Contingency planning is not pessimism; it is prudent risk management. Identify the most probable failure points—missing releases, disputed charges, or delayed recordings—and devise fallback strategies. For example, if a lien release is delayed, a seller might grant a partial release or place funds in escrow to satisfy the lender’s concern while the full release is pursued. Consider temporary title endorsements or interim ownership arrangements if needed, but ensure they are expressly limited and documented. The aim is to preserve purchaser confidence and keep the transaction on track, even when unexpected complications arise.
Throughout the curing process, maintain rigorous recordkeeping. Store all correspondence, notices, and drafts with clear file naming and version control. When a cure is completed, annotate the title order with a detailed narrative that explains what was resolved, by whom, and when. Prepare a consolidated payoff and release package for the closing agent, including any necessary affidavits or exhibits. A well‑organized file reduces ambiguity, accelerates the final review, and provides a reliable audit trail should questions arise after closing.

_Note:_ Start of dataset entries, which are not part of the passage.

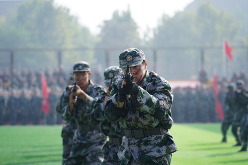 汇报大会在庄严的升国旗仪式中拉开序幕。20个分列式方队以整齐划一的步伐、高亢嘹亮的口号依次通过主席台,充分展现了天工学子朝气蓬勃、奋发向上的精神风貌。在军事技能汇报展示中,女子匕首术刚柔并济,一招一式诠释巾帼不让须眉的飒爽英姿;战术方阵持枪匍匐、翻越障碍,班组协同战术演示将汇报大会推向高潮,赢得现场师生热烈掌声;男子刺杀操方阵由500名2025级新生组成,动作刚猛有力、气势如虹,突刺格挡间彰显敢打必胜的坚定信念。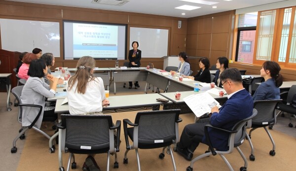 발제를 맡은 사회과학대학 사회학과 이혜숙 교수는 한국 여성의 현황과 정부의 대학 성평등 정책의 흐름을 검토하고, 대학사회 성평등 실천과 여성연대의 필요성을 제기하면서 여교수회의 활성화 방안으로 ‘여교수 역량강화 프로그램 지원과 교육, 대학 관련 성평등 이슈의 공론화와 성평등 실천, 정보교환과 네크워크의 중요성’ 등을 제시했다.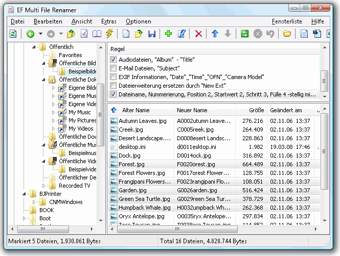 EF Multi File Renamer ist ein vielseitiges Werkzeug zum komfortablen Umbenennen einer Vielzahl von Dateien und Ordnern in einem Arbeitsgang. Gegenüber vergleichbaren Programmen hebt sich EF Multi File Renamer vor allem durch sein Konzept zur übersichtlichen Definition von Umbenennungsregeln ab.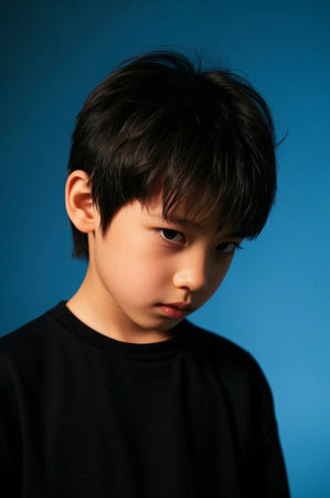 Portrait of asian boy on blue sky background, outdoor shot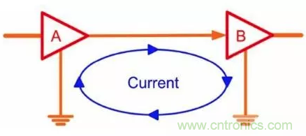 在電流環路設計中會被數字電路設計者忽視的因素,包括對單端信號在兩個門電路間傳送的考慮(圖2)。從門 A 流向門 B 的電流環路,然后再從地平面返回到門 A。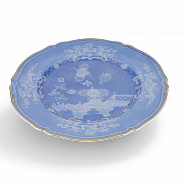 Дизайнерская тарелка для сервировки синего цвета. Коллекция Oriente Italiano Ginori 1735 года. Часть престижной коллекции Oriente Italiano, эта фарфоровая тарелка синего цвета прославляет изысканность, достигнутую благодаря искусному итальянскому мастерству. Цветочный мотив, вдохновленный гвоздикой, переплетается с характерной формой Antico Doccia с ее мягкими и гармоничными линиями, придавая тарелке вневременную ауру романтики. Идеально подходящая для особых случаев или важных торжеств, эта фарфоровая тарелка синего цвета добавит элегантности любому mise en place, полному характера, отражая ценность художественных традиций и производственного совершенства Ginori 1735. Благодаря своему изысканному и универсальному дизайну ее можно использовать как поднос для закусок и закусок или как оригинальный центральный элемент. Помещенная на прихожую, дизайнерская тарелка становится изысканным контейнером для ключей и небольших предметов или элегантной шкатулкой для драгоценностей, которую можно поставить на комод в спальне.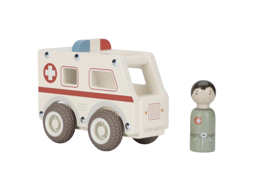 Záchranka je na ceste! Drevená sanitka s realistickými detailmi a kolieskami s gumovými pneumatikami je pripravená rýchlo dopraviť pacienta do nemocnice. Vďaka otvorenému dizajnu sa ľahko drží a ovláda aj malými detskými ručičkami.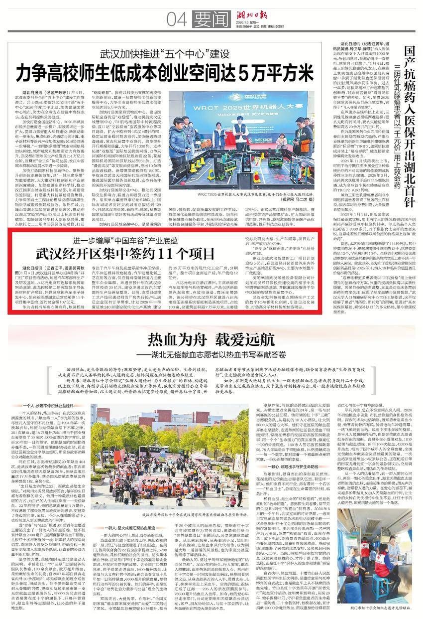 1月5日,湖北日?qǐng)?bào)要聞版報(bào)道:進(jìn)一步增厚“中國(guó)車(chē)谷”產(chǎn)業(yè)底蘊(yùn) 武漢經(jīng)開(kāi)區(qū)集中簽約11個(gè)項(xiàng)目

The closing team should perform a final compliance check just before the funds are disbursed. Reconcile the title commitment with the recorded map and ensure all encumbrances have received the appropriate releases or subordinations. Verify that the chain of title is uninterrupted and that any encumbrance extinguishment is properly reflected in all public records. Review lender conditions one last time to confirm there are no outstanding conditions that would block closing. A clean, documented final check increases lender confidence, reduces holdbacks, and supports a smooth post‑closing experience for the buyer.
Finally, ensure the closing package presents a coherent narrative that aligns with the executed documents. The buyer, seller, and lender should each see a clear linkage between each cure action and the corresponding instrument recorded or released. This clarity helps prevent post‑closing claims stemming from misinterpretation or missing releases. By combining proactive planning, precise document control, disciplined communication, and thorough final checks, parties can achieve a closing that minimizes risk, maximizes certainty, and fosters trust in future real estate dealings.